U.S. stocks rose on Monday after President Donald Trump and Chinese President Xi Jinping called a truce in the countries’ ongoing trade war.
Mr. Trump agreed to hold off on a sharp hike in tariffs on Chinese imports that had been scheduled to take effect Jan. 1. In return, the People’s Republic reportedly committed to buy more American farm, industrial and energy goods and tighten restrictions on sales of fentanyl, among other concessions.
The Dow rose more than 410 points, or 1.65 percent, trading at 25,955 at 9:45 a.m. Eastern time. The S&P 500 jumped 1.3 percent, to 2,797, while the tech-heavy Nasdaq composite rose 1.8 percent, to 7,457. Leading the rise were big-name tech companies that would’ve been subject to more tariffs in January, with Apple gaining 2.2 percent.
The agreement so far lacks detail, but allows the U.S. and China an additional 90 days to negotiate an agreement. The U.S. will postpone until March 1 a plan to raise tariffs on $200 billion worth of Chinese goods from 10 percent to 25 percent, with Washington set to resume talks with Beijing in hopes of a longer-term deal on trade.
“This agreement at least postpones further escalation in the trade war, avoiding an outcome that would have roiled financial markets,” Eurasia Group analysts wrote in a research note. “That appears to have been a key consideration for Trump, who became more open to a deal as US stock markets weakened in October and November.”
In a late Sunday tweet, Mr. Trump also said China has “agreed to reduce and remove” tariffs on U.S.-made cars, although Chinese officials have yet to confirm that claim.
China has agreed to reduce and remove tariffs on cars coming into China from the U.S. Currently the tariff is 40%.
— Donald J. Trump (@realDonaldTrump) December 3, 2018
Asian and European markets rose sharply after news of the cease-fire on trade at this weekend’s G-20 summit in Buenos Aires, Argentina.
Still, analysts said it remains to be seen if the sides are able to forge a pact on trade.

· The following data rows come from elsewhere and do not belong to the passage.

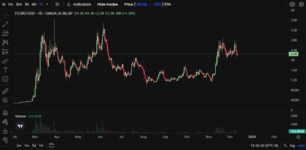 据 GMGN 数据 ,FLOKI 市值从最高一度突破 33 亿美元后,目前市值为 22 亿美元。
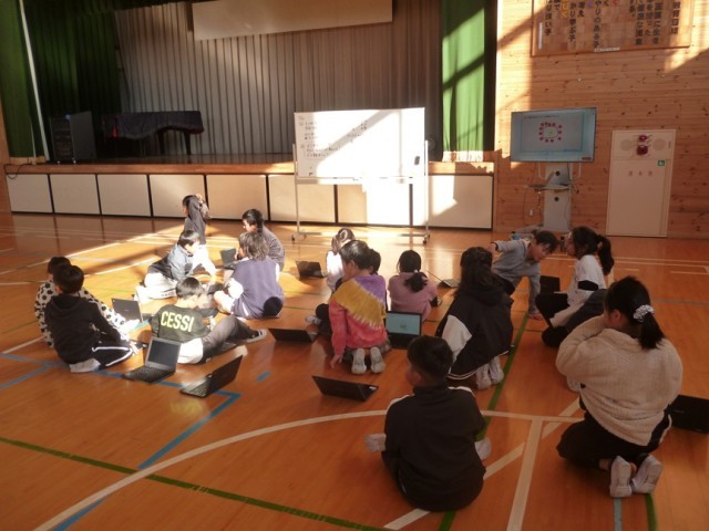 今年度の校内研修では、研修の主題として「自分で考え、自分なりに表現できる児童の育成」を掲げて、ねらいを明確にした話し合い活動を通して表現力向上につながるような取り組みを行っています。
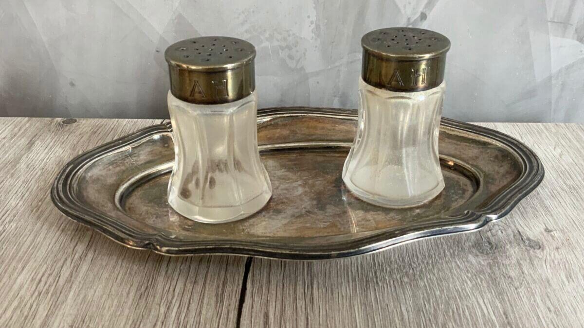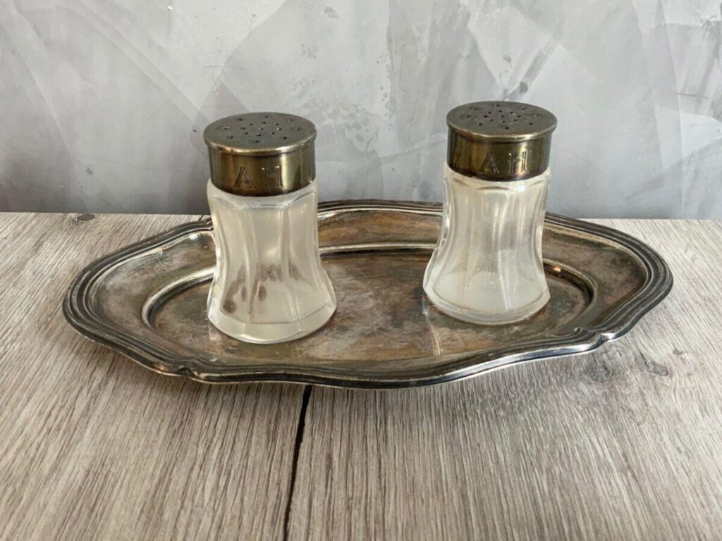 Here is an extremely rare set of formal Adolf Hitler salt and pepper shakers from the Berghof. These rarely emerge in pairs, especially under these conditions. The shakers were made by Wellner and the AH monogram was roll printed (not engraved). The tops are silver plated. The salt shaker still contains glass beads to prevent salt from building up.
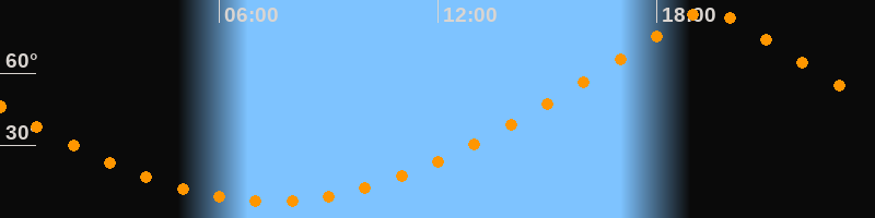 | Höchster Stand (Kulmination) | 19:25 Uhr (h = 85,7°) |
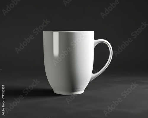 © pham, Obraz premium A simple white coffee cup is placed on top of a wooden table
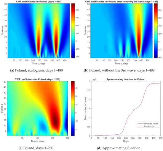 Using the example of Germany, we will show in detail the steps leading to the approximating function (23). We analyze the data over a period of 496 days from 7 March 2020 () to 15 July 2021 (). On the scalogram (Figure 2a) showing CWT coefficients, we can distinguish three large logistic waves. We read for them initially (before optimization) the values of parameters a and b, as well as the value of the CWT coefficient (i.e., the integral (21)). Then, we calculate their estimated saturation levels using Formula (22). We have:
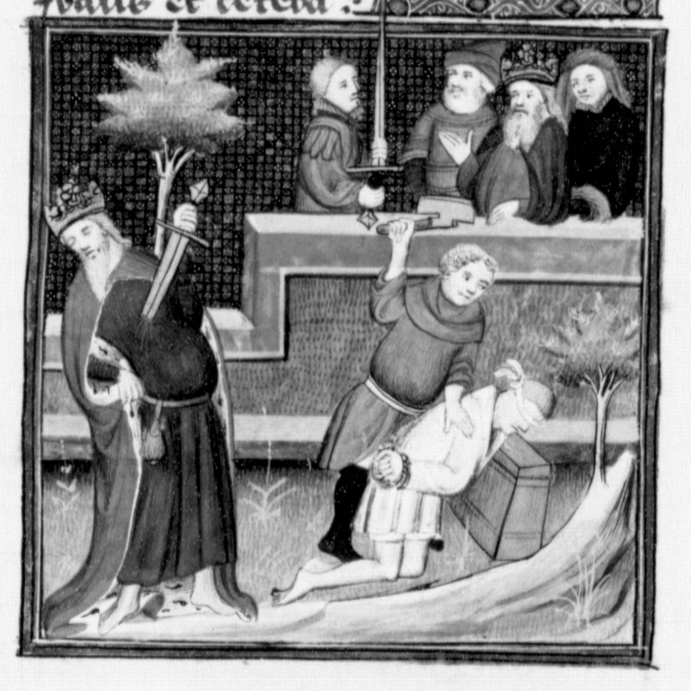 Parigi, Bibliothèque Nationale de France, Fr. 131, f. 40v. Saul compie il suicidio trafiggendosi con la spada; Davide ordina l'esecuzione degli Amaleciti.
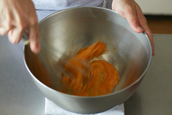 - 上白糖を加え、全体が少し白っぽくなるまで混ぜる。

“The gap between their positions is wide on the fundamental issues: The US-China trade imbalance, unfair Chinese trade practices, and Chinese state support for economic champions,” PNC Senior Economist Bill Adams wrote in a note. “Ninety days is very little time to fix these perennial issues. But at least, a delay in tariff escalation is positive for the near-term economic outlook, and the decision keeps alive the prospect of a resolution of the US-China trade conflict.”
The markets’ initial positive reaction obscures the fact that a firm agreement appears far off.
“While the Xi-Trump dinner has clearly improved the tone of the U.S.-China relationship for the time being … the ‘pause’ prolongs the period of uncertainty around the eventual structure of trade relations between the two countries,” Goldman Sachs analysts said in a report. “The specter of higher and broader US tariffs remains, and the underlying issues clouding the trade relationship are deferred to further negotiations.”